I have a UTF-8 string in my Ruby code. Due to limitations I want to convert the UTF-8 characters in that string to either their escaped equivalents (such as \u23
) or simply convert the whole string to UCS-2. I need to explicitly do this to export the data to a file
I tried to do the following in IRB:
my_string = '7.0mΩ'
my_string.encoding
my_string.encode!(Encode::UCS_2BE)
my_string.encoding
The output of that is:
=> "7.0mΩ"
=> #<Encoding::UTF-8>
=> "7.0m\u2126"
=> #<Encoding::UTF-16BE>
This seemed to work fine (I got "ohm" as 2126) until I was reading data out of an array (in Rails):
data.each_with_index do |entry, idx|
puts "#{idx} !! #{entry['title']} !! #{entry['value']} !! #{entry['value'].encode!(Encoding::UCS_2BE)}"
end
That results in the error:
incompatible character encodings: UTF-8 and UTF-16BE
I then tried to write a basic file conversion routine:
File.open(target, 'w', encoding: Encoding::UCS_2BE) do |file|
File.open(source, 'r', encoding: Encoding::UTF_8).each_line do |line|
output.puts(line)
end
end
This resulted in all kinds of weird characters in the file.
Not sure what is going wrong.
Is there a better way to approach this problem of converting UTF-8 data to UCS-2 in Ruby? I really wouldn't mind this actually being changed in the string to \u2126
as a literal part of the string rather than the actual value.
Help!
Temporary Workaround
I monkey-patched this to do what I want.

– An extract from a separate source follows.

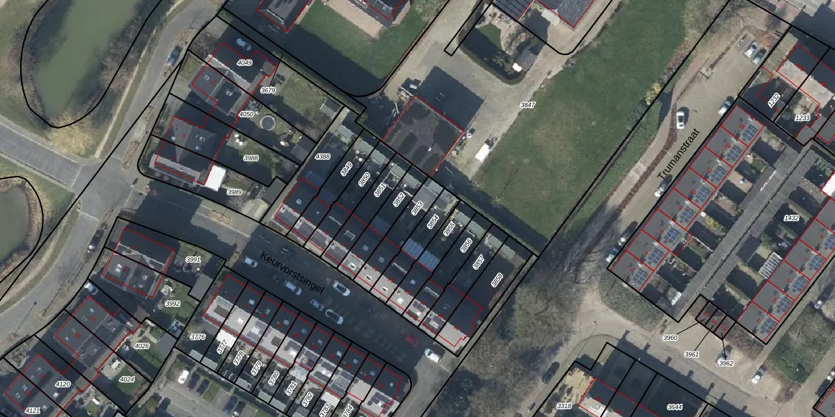 Gebruik de zoekbalk of klik op een perceel om informatie over het perceel te bekijken.

It's not very elegant, but it does the job (and yes, I know it's not pretty... it's just a hack to get what I need):
def hacky_encode
encoded = self
unless encoded.ascii_only?
encoded = scan(/./).map do |char|
char.ascii_only? ? char : char.unpack('U*').map { |i| '\\u' + i.to_s(16).rjust(4, '0') }
end.join
end
encoed
end
Which can be used:
"7.0mΩ".hacky_encode